Your goal
The part to set down runs from the first line of the data below through the line with "Varmista, että kattilan", inclusive; write it exactly and leave out the pictures.

Records from a dataset
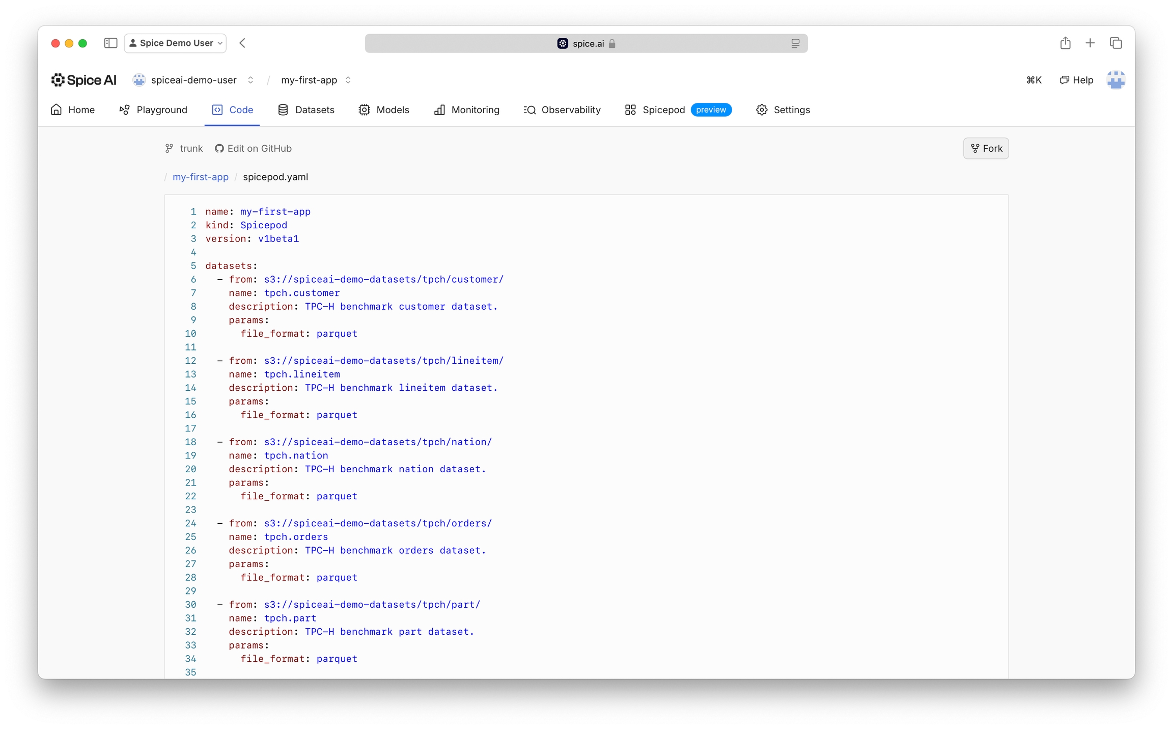 If the Spice App is connected to a GitHub repository (learn more about how to connect), the only way to update the Spicepod configuration is to edit the spicepod.yaml file in the root of your repository and push it to the default branch.
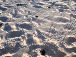 De meeste nesten komen uit tussen vier uur ’s middags en zeven uur ’s avonds. Het kan wel eens gebeuren dat een schilpaddennest ’s nachts uitkomt. Om die padjes te beschermen bouwen vrijwilligers van Turtugaruba een baken om de nesten heen. Schildpadden kruipen instinctief namelijk naar het licht toe, legt Van der Wal uit. Bij daglicht kruipen ze automatisch richting de zee, maar als ze uitkomen wanneer het donker is, gaat het wel eens mis. “Dan lopen ze richting de verlichte hotels. Het komt voor dat we de volgende ochtend schildpadjes terugvinden in een hotel. Of erger nog: overreden door een auto.”
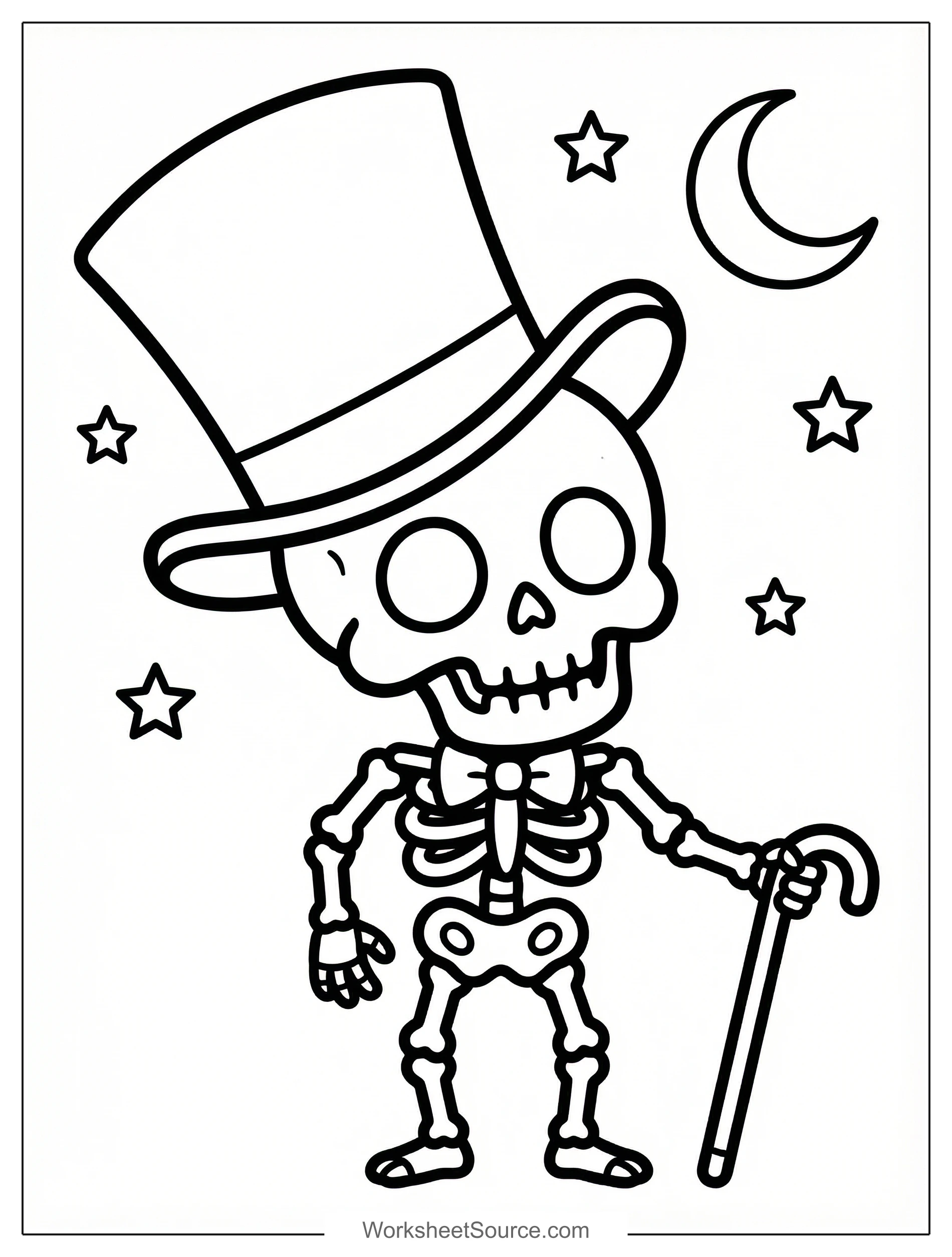 Download this free printable Skeleton With Hat coloring page for kids. Great for classroom activities, home learning, and creative fun.
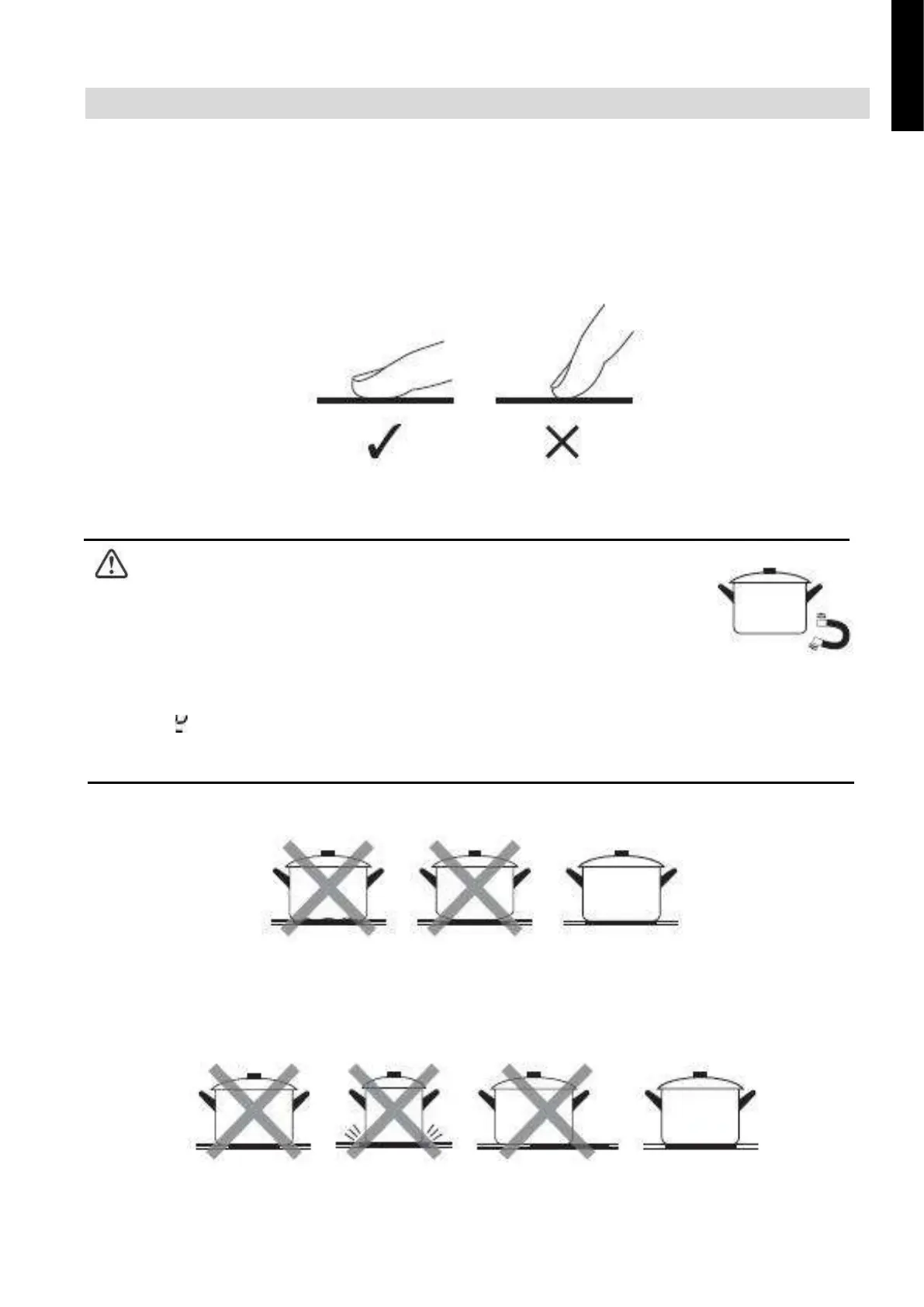 Varmista, että kattilan pohja on sileä ja että se asettuu tarkasti lasipinnalle ja että se on
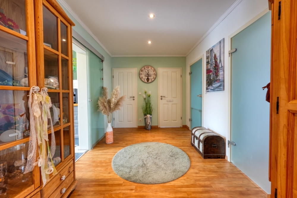 Wenn Sie sich noch auf der Suche nach Ihrem Traumhaus befinden, sollten Sie sich dieses schöne Einfamilienhaus mit PV-Anlage, Wintergarten, Doppelgarage und einem sehr schönen großen Garten unbedingt anschauen. Das Haus wurde im Jahr 1980 errichtet und in den letzten Jahren aufwendig modernisiert.Im Erdgeschoss befinden sich folgende Räumlichkeiten:
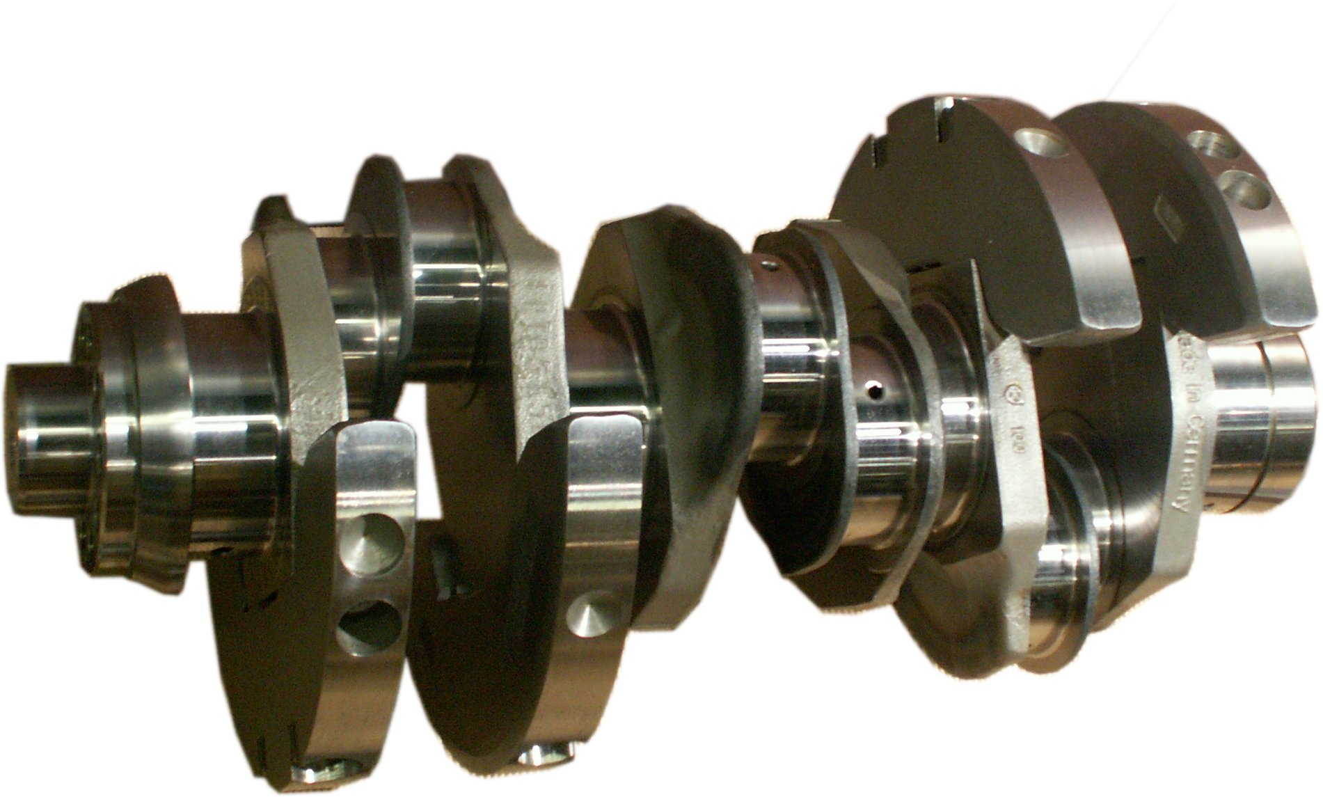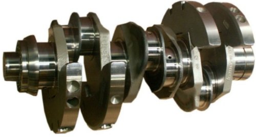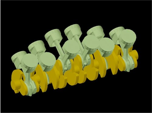 Die Kurbelwelle hat große Ähnlichkeit mit der des Sechszylinder-Reihenmotors, nur dass die Pleuellager anders verteilt sind und Gegengewichte
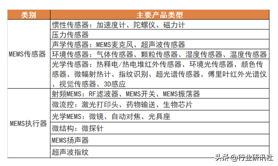 表:MEMS产品类型与市场结构
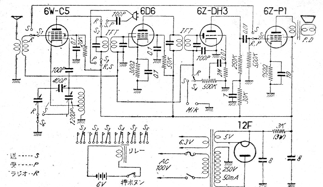 Este receptor de 5 válvulas fue encontrado en una publicación japonesa de 1950. El circuito tiene una configuración común para la época y las válvulas usadas eran de tipos que hoy ya no se encuentran. El circuito era del tipo super-heterodino.
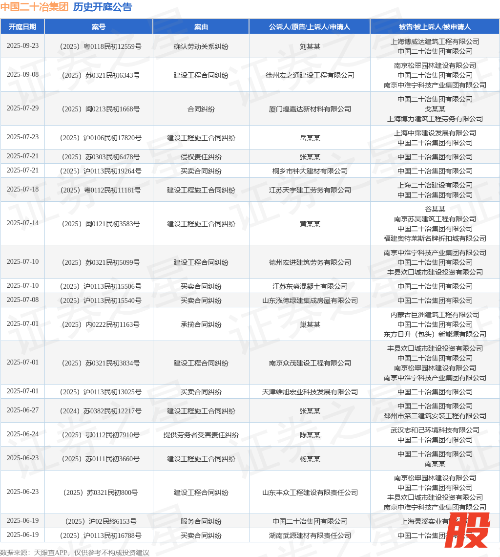 案号:(2025)沪02民终6153号审理法院:上海市第二中级人民法院案由:服务合同纠纷当事人信息: 原告/上诉人:中国二十冶集团有限公司 被告/被上诉人:上海灵溪实业有限公司开庭日期:2025年6月19日根据统计,近一年内以中国二十冶集团有限公司为当事人的历史开庭公告有350则,其中案由为“建设工程施工合同纠纷”的公告以62则居首,其次为“建筑设备租赁合同纠纷”有49则,“买卖合同纠纷”有47则。历史开庭公告(前20条)如下:
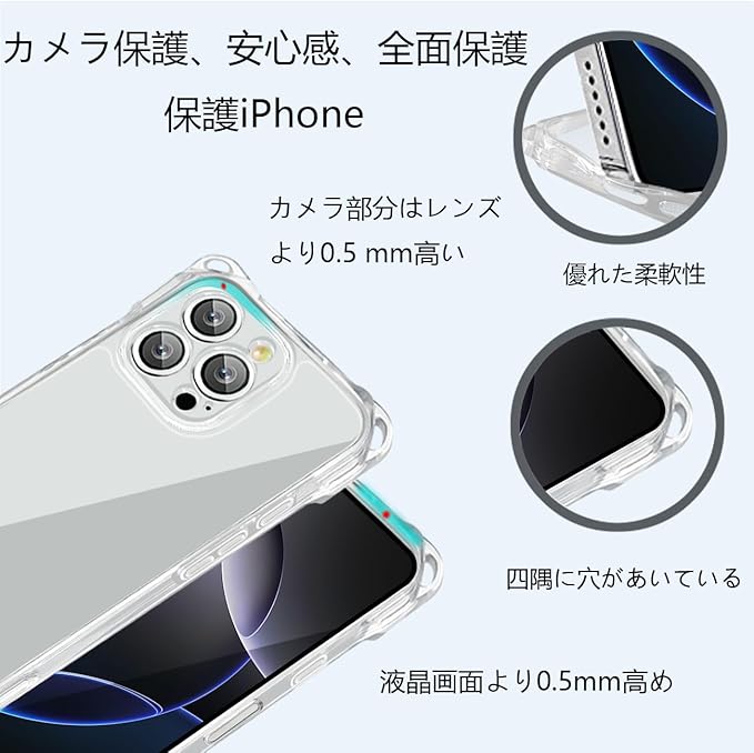 【スクリーン&カメラ保護】携帯電話ケースの凸状の縁とレンズカバーは、画面やカメラが落下したときに地面に直接触れないように保護します。堅牢なTPU素材は耐衝撃性が高く、落下時の携帯電話の衝突や擦れから保護します。
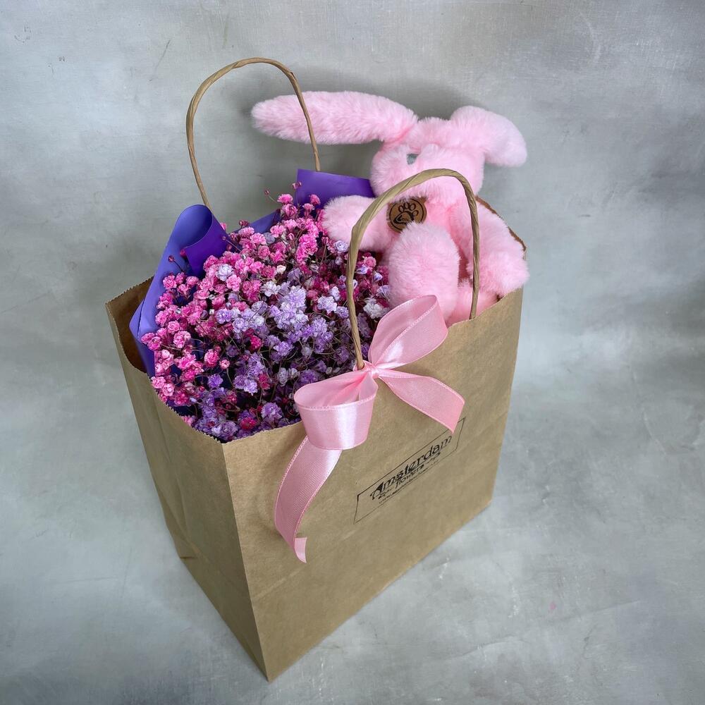 Гипсофила – 3 шт.Упаковка – 1 шт.игрушка зайчонок lapkin – 1 шт.Пакет крафт – 1 шт.
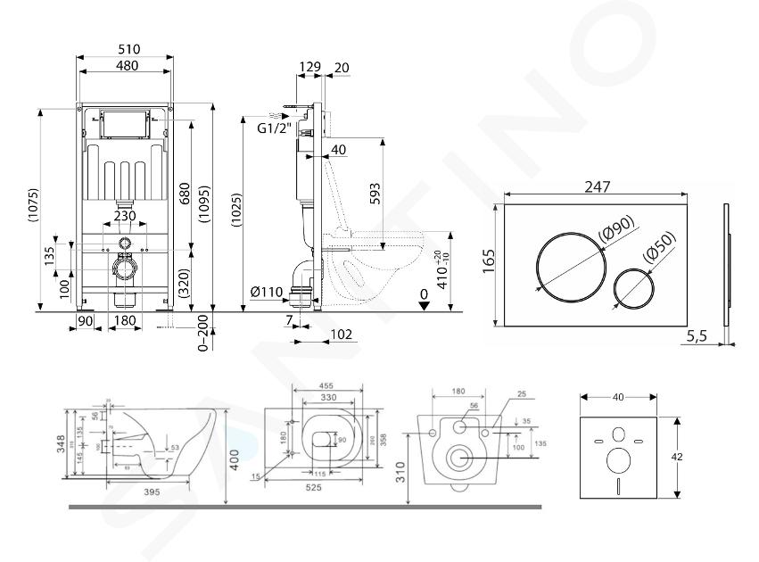 Förmonterad väggmonteringsram för vägghängd toalett
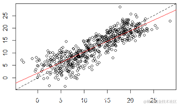 abline(lm(y[ :k]~y[( :k)-52]),col="red")
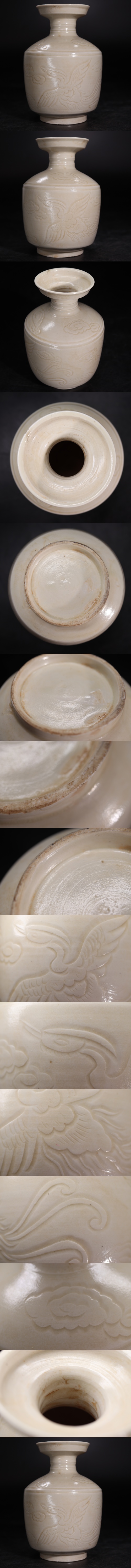 | 時代 李朝 白磁 鳳凰図 陰刻 花瓶 / 朝鮮古美術 花器 壺 煎茶飾 .G2541 |
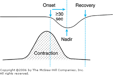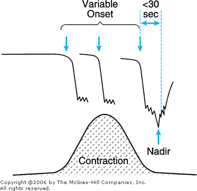 The fetal heart rate response to uterine contractions can be an index of either uterine perfusion or placental function. A late deceleration is a smooth, gradual, symmetrical decrease in fetal heart rate beginning at or after the peak of the contraction and returning to baseline only after the contraction has ended (American College of Obstetricians and Gynecologists, 1995b). In most cases, the onset, nadir, and recovery of the deceleration occur after the beginning, peak, and ending of the contraction, respectively (Fig. 18–16). The magnitude of late decelerations is rarely more than 30 to 40 beats/min below baseline and typically not more than 10 to 20 beats/min. Late decelerations usually are not accompanied by accelerations.
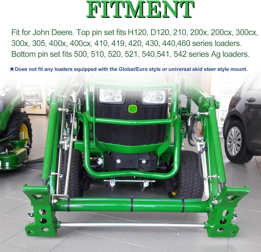 Fitment: Front Loader Brackets Fit for John Deere. Top pin set fits H120, D120, 210, 200x, 200cx, 300cx, 300x, 305, 400x, 400cx, 410, 419, 420, 430, 440, 460 series loaders. Bottom pin set fits 500, 510, 520, 521, 540, 541, 542 series Ag loaders.Does not fit any loaders equipped with the Global/Euro style or universal skid steer style mount.

Exercise solution
 If the Spice App is connected to a GitHub repository (learn more about how to connect), the only way to update the Spicepod configuration is to edit the spicepod.yaml file in the root of your repository and push it to the default branch.
 De meeste nesten komen uit tussen vier uur ’s middags en zeven uur ’s avonds. Het kan wel eens gebeuren dat een schilpaddennest ’s nachts uitkomt. Om die padjes te beschermen bouwen vrijwilligers van Turtugaruba een baken om de nesten heen. Schildpadden kruipen instinctief namelijk naar het licht toe, legt Van der Wal uit. Bij daglicht kruipen ze automatisch richting de zee, maar als ze uitkomen wanneer het donker is, gaat het wel eens mis. “Dan lopen ze richting de verlichte hotels. Het komt voor dat we de volgende ochtend schildpadjes terugvinden in een hotel. Of erger nog: overreden door een auto.”
 Download this free printable Skeleton With Hat coloring page for kids. Great for classroom activities, home learning, and creative fun.
 Varmista, että kattilan pohja on sileä ja että se asettuu tarkasti lasipinnalle ja että se on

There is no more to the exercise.